Над ее глазами полуопустились длинные черные ресницы с таким выражением, точно отвечая мне: «да», в то время как на губах зазмеилась коварная усмешка.

— Хорошо, я снисхожу к вашей женской слабости и не приподымаю перед вами красное пугало, называемое смертью; но, Тамара, ваш муж человек хороший и добрый, и, быть может, вы хотите, чтобы он жил долго, как Мафусаил.

Она нервно рассмеялась и лицо ее сделалось злым.

— Какой вы колкий, Георгий Константинович; вы нисколько не щадите меня. Я вам тысячу раз повторяла, что, выйдя за него, я сделала страшный шаг и с тех пор каюсь и каюсь без конца.

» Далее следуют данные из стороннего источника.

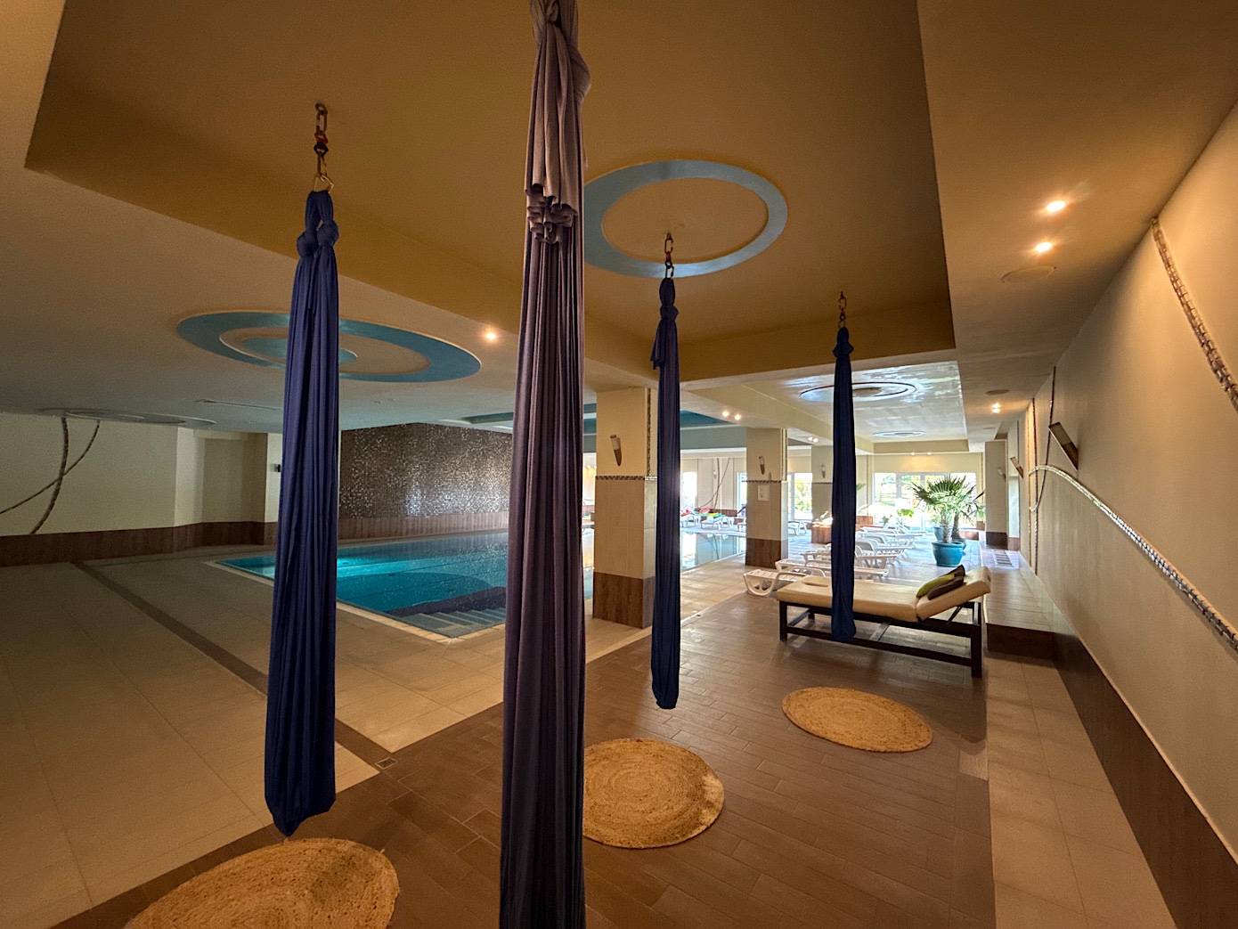 Na basenie możecie również trochę „polatać”. Ja się nie odważyłem, ale w ramach sportowych i relaksacyjnych pakietów istnieje ewentualność skorzystania z zajęć jogi aerial.
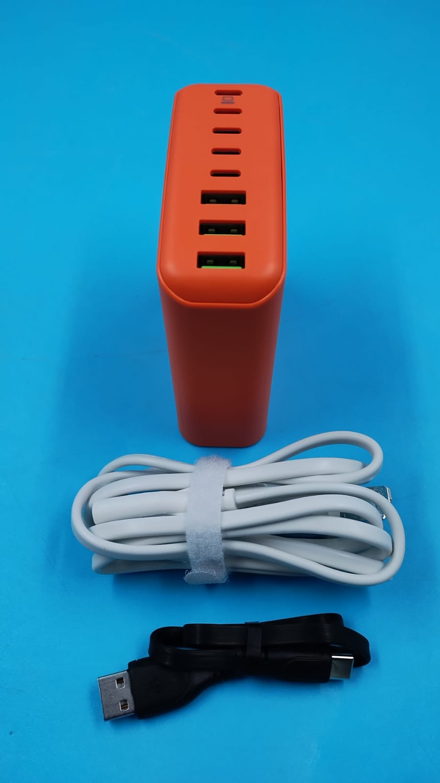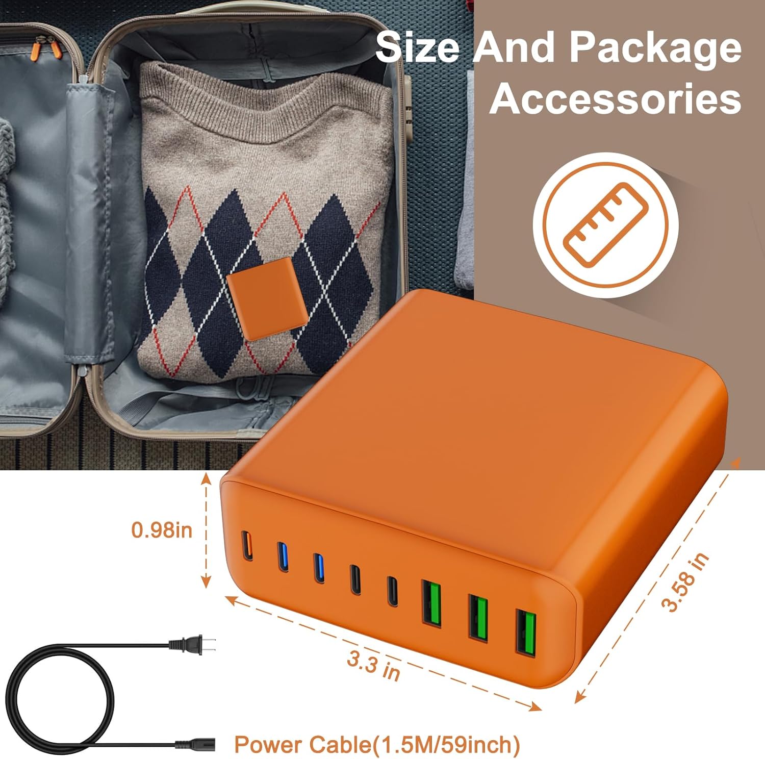 - Cargador USB C de 265 W: este cargador USB C incluye una gran cantidad de puertos de alimentación simultáneos para múltiples dispositivos. Este cargador de pared USB multipuerto comparte una salida total de hasta 265W con 5 puertos USB-C y 3 puertos USB-A. Lo que es genial es que la potencia máxima de 65 vatios le permite alimentar su computadora portátil/MacBook Series.

Конечно, если он будет жить, то пускай живет; но говорю вам совершенно откровенно, если бы так случилось, что бесчисленные болезни, кроющиеся в его хилом организме, поднялись бы в нем с удвоенной силой и, засушив его руки и ноги, приковали бы его к постели, то я смотрела бы на него совершенно сухими глазами.

— Неужели? — вкрадчиво и лукаво сказал я, испытывая радость в душе и какое-то острое злобное чувство.

— Высказалась я совершенно ясно, и вы можете быть уверены, что если ваше лечение воскресит эти скелеты и мумии, то я, конечно, скажу: слава Богу, но в то же время вы не можете не понимать, что я всю жизнь буду глубоко несчастна.

Я долго смотрел на нее и рассмеялся.

— Какой вы тонкий дипломат, Тамара, да вы совершенный дипломат.

— Да, да мой голубчик, если на моей совести и есть что-нибудь, то зачем это высказывать? Я только женщина, вы — совсем другое дело: вы бесстрашны, точно закованы в железо, и вас ничто не страшит. Идти за таким сильным человеком так приятно одинокой, слабой женщине.